Warped Passages: Unraveling the Mysteries of the Universe's Hidden Dimensions is the debut non-fiction book by Lisa Randall, published in 2005, about particle physics in general and additional dimensions of space (cf. Kaluza–Klein theory) in particular. The book has made it to top 50 at amazon.com, making it the world's first successful book on theoretical physics by a female author. She herself characterizes the book as being about physics and the multi-dimensional universe. The book describes, at a non-technical level, theoretical models Professor Randall developed with the physicist Raman Sundrum, in which various aspects of particle physics (e.g. supersymmetry) are explained in a higher-dimensional braneworld scenario. These models have since generated thousands of citations.

==Overview==
She comments that her motivation for writing this book was her "thinking that there were people who wanted a more complete and balanced vision of the current state of physics." She has noticed there is a large audience that thinks physics is about the bizarre or exotic.

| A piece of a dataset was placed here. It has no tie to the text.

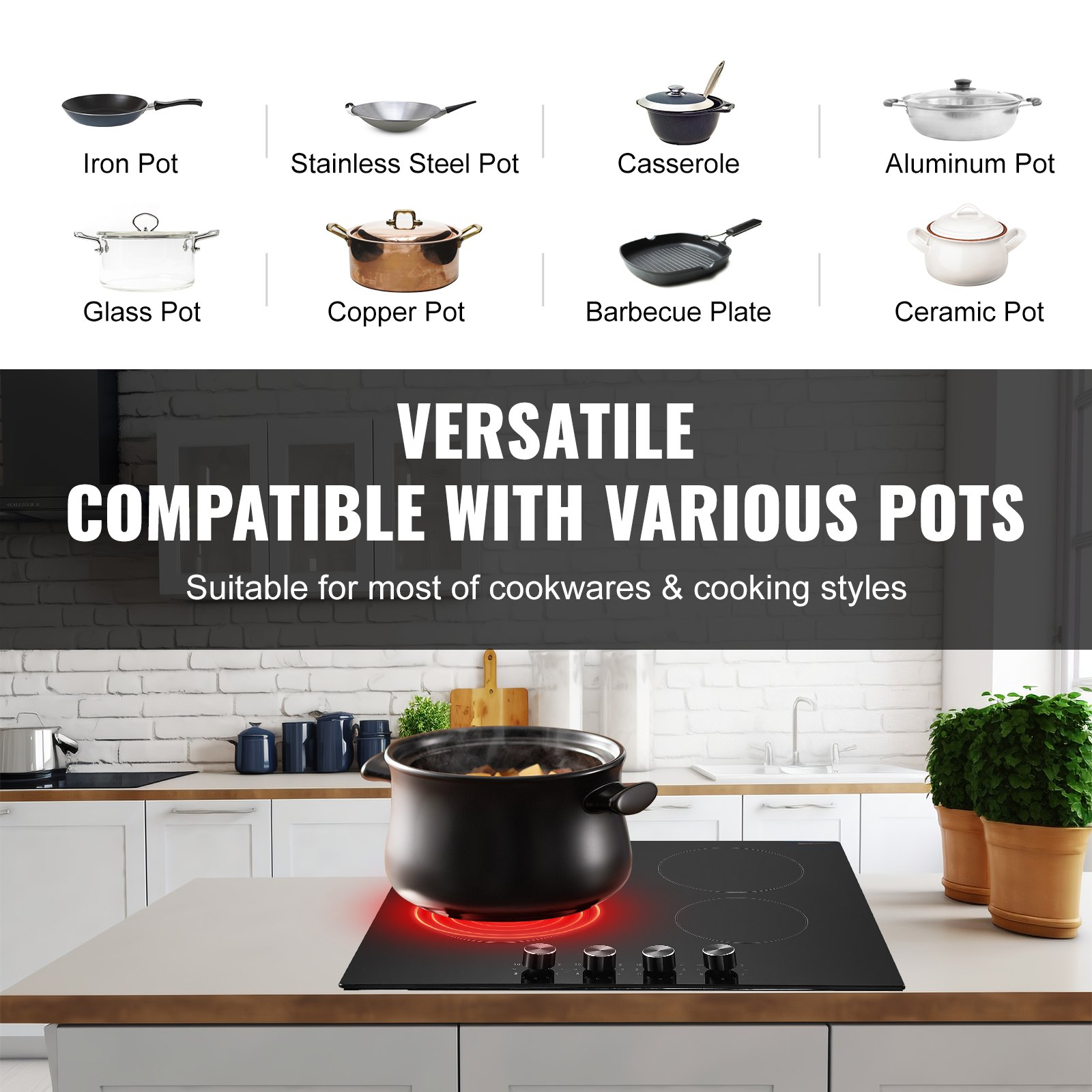 VEVOR Built-in Electric Cooktop Radiant Ceramic Cooktop 4 Burners 23.2x20.5 inch

She observes that when people develop an understanding of the science of particle physics and the experiments that produce the science, people get excited. "The upcoming experiments at the Large Hadron Collider (LHC) at CERN near Geneva will test many ideas, including some of the warped extra-dimensional theories I talk about." Another motivation was that she "gambled that there are people who really want to understand the physics and how the many ideas connect."

==Background==
Randall is currently a professor at Harvard University in Cambridge, Massachusetts, focusing on particle physics and cosmology. She stays current through her research into the nature of matter's most basic elements, and the forces that govern these most basic elements. Randall's experiences, which qualify her as an authority on the subject of the book, are her original "contributions in a wide variety of physics studies, including cosmological inflation, supersymmetry, grand unified theories, and aspects of string theory". "As of last autumn, she was the most cited theoretical physicist in the world during the previous five years." In addition her most recent work involved extra dimensions.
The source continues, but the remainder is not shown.